[Opening RECORDED INFORMATION section]

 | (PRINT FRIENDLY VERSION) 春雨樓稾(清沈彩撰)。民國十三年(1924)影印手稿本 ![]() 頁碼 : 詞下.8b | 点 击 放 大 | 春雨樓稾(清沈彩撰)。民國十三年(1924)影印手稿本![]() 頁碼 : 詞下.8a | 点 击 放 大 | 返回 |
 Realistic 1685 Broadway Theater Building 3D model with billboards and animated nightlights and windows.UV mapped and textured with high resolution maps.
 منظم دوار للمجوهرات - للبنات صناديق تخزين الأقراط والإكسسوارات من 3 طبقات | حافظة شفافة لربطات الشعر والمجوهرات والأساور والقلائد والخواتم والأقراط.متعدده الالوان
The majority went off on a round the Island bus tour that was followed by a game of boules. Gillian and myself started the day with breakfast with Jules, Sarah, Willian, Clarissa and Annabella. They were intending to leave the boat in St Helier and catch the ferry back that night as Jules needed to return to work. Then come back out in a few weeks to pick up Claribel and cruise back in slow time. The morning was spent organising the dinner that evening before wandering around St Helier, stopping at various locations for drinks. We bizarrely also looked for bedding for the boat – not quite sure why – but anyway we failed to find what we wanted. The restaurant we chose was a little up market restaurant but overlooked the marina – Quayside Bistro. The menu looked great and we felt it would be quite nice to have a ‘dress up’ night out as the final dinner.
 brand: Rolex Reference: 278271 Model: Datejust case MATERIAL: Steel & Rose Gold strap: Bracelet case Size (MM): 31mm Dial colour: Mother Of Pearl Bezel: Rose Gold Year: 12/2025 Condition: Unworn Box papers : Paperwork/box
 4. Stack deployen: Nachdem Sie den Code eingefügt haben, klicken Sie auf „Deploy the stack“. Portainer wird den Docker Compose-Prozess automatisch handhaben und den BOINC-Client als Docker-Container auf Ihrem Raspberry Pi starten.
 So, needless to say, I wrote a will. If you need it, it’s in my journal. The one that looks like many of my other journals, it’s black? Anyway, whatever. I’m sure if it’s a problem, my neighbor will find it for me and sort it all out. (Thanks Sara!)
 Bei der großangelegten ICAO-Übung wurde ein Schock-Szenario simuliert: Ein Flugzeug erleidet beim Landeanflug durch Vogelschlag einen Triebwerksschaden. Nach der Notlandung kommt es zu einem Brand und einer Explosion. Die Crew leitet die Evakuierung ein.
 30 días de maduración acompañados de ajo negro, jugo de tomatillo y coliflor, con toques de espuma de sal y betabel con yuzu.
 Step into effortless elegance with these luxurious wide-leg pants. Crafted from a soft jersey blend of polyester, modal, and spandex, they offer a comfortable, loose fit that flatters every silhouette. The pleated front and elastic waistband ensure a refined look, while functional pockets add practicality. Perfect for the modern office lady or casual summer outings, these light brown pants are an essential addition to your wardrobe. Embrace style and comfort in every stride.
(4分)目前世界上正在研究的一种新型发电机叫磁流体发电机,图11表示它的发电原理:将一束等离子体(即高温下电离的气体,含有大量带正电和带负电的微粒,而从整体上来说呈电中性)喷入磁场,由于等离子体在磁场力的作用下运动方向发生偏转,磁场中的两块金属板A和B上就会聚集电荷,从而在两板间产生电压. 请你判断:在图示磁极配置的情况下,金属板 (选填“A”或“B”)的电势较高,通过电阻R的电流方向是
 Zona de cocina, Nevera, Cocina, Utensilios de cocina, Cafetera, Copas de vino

[Closing RECORDED INFORMATION section]

Filter the entries above down to the lines that contain the word "with".

 Realistic 1685 Broadway Theater Building 3D model with billboards and animated nightlights and windows.UV mapped and textured with high resolution maps.
The majority went off on a round the Island bus tour that was followed by a game of boules. Gillian and myself started the day with breakfast with Jules, Sarah, Willian, Clarissa and Annabella. They were intending to leave the boat in St Helier and catch the ferry back that night as Jules needed to return to work. Then come back out in a few weeks to pick up Claribel and cruise back in slow time. The morning was spent organising the dinner that evening before wandering around St Helier, stopping at various locations for drinks. We bizarrely also looked for bedding for the boat – not quite sure why – but anyway we failed to find what we wanted. The restaurant we chose was a little up market restaurant but overlooked the marina – Quayside Bistro. The menu looked great and we felt it would be quite nice to have a ‘dress up’ night out as the final dinner.
 Step into effortless elegance with these luxurious wide-leg pants. Crafted from a soft jersey blend of polyester, modal, and spandex, they offer a comfortable, loose fit that flatters every silhouette. The pleated front and elastic waistband ensure a refined look, while functional pockets add practicality. Perfect for the modern office lady or casual summer outings, these light brown pants are an essential addition to your wardrobe. Embrace style and comfort in every stride.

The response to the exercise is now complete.